What are Math Mini Courses?
A+ now offers 20 online Math Mini Courses which provide in-depth and consistent review from the very basics to advanced concepts. There are multimedia lessons, interactive review, worksheets, automatic grading/tracking, progress reports, offline practice and more. Each course focuses on one specific content area (addition, multiplication, fractions, time, money, geometry, etc) for elementary and middle school level mathematics. These math courses can be completed in 2-3 months, but the subscriptions are for one year, which means you have more flexibility in how you use them.
How Did We Use It?
The crew was given the opportunity to review two Math Mini Courses. This review came along right around the time we were preparing for a move for husband's job. A friend told me to look at it as an adventure, but I was a little worried about finishing out the school year while working on the logistics of moving. Our boys use a mastery approach to mathematics, so they typically have a narrow focus of subject matter anyway. I noticed that what's covered in the last few lessons of our math curriculum isn't vital to mastering the content, so I don't necessarily need to finish it. At the same time, I didn't want them to just let those skills sit idle, so I felt like it would be beneficial to assign them each a Math Mini Course that covers the same topic as their math curriculum's focus. It would allow them to review and see the material from a different perspective, and give me peace of mind that they were still working and finishing out the school year covering relevant content. Since it's an online course, I don't have to worry about curriculum strewn about while we're packing, and I can multi-task a little more since I'm not the one doing the primary teaching.
Elliott was assigned Elementary and Middle School Multiplication. This course is geared for students in 2nd-6th Grade. There are 13 lessons. It begins with an introduction to multiplication and how it relates to addition. It moves into multiplication tables, and multiplication tricks. By the end, it covers multiple digit multiplication. I knew that it would all be familiar to Elliott, because we've already covered everything, but I also know he's a kid who appreciates having some "easy" lessons every now and then too, and I was looking forward to him having some review for the end of the year.
Emory was assigned Early Elementary Subtraction, which is written for 1st-3rd grade students. It has fifteen lessons that begin with an introduction to subtraction and works up to regrouping and multiple digit subtraction. Since his primary focus has been only single digit addition and subtraction, I knew some of this would be "beyond" what he's covered at this point (he's only 6 years old) so I was okay with him working more slowly through it. With a year's subscription, there's plenty of time to mature into the rest of the lessons.

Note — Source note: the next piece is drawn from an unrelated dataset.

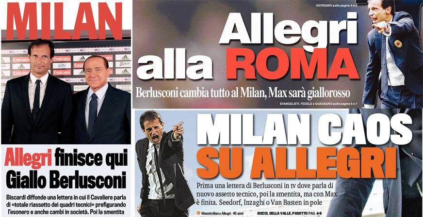 I titoli Gazzetta, CorSport e Tuttosport: Caos Allegri, giallo Berlusconi, Allegri alla Roma – Foto 31/05/2013 - 17:1921/05/2013 - 06:59 di Redazione2 RASSEGNA STAMPA MILAN FOTO – Di seguito potete trovare i principali titoli dei tre quotidiani sportivi, La Gazzetta dello Sport, Corriere dello Sport e Tuttosport, riguardanti naturalmente il nostro Milan. La redazione di Milanlive.it

Signing up wasn't too difficult, but I find the navigation to be a little tedious. For myself and two children, it is actually three accounts with separate usernames and passwords. That's not necessarily a bad thing, because I like that they have their own accounts which tracks their work. It means signing in and out to access each account, and then multiple clicks through the program before a new window finally launches for the actual course. Then you have to navigate through the course, and there are multiple screens, depending on which activity you are completing.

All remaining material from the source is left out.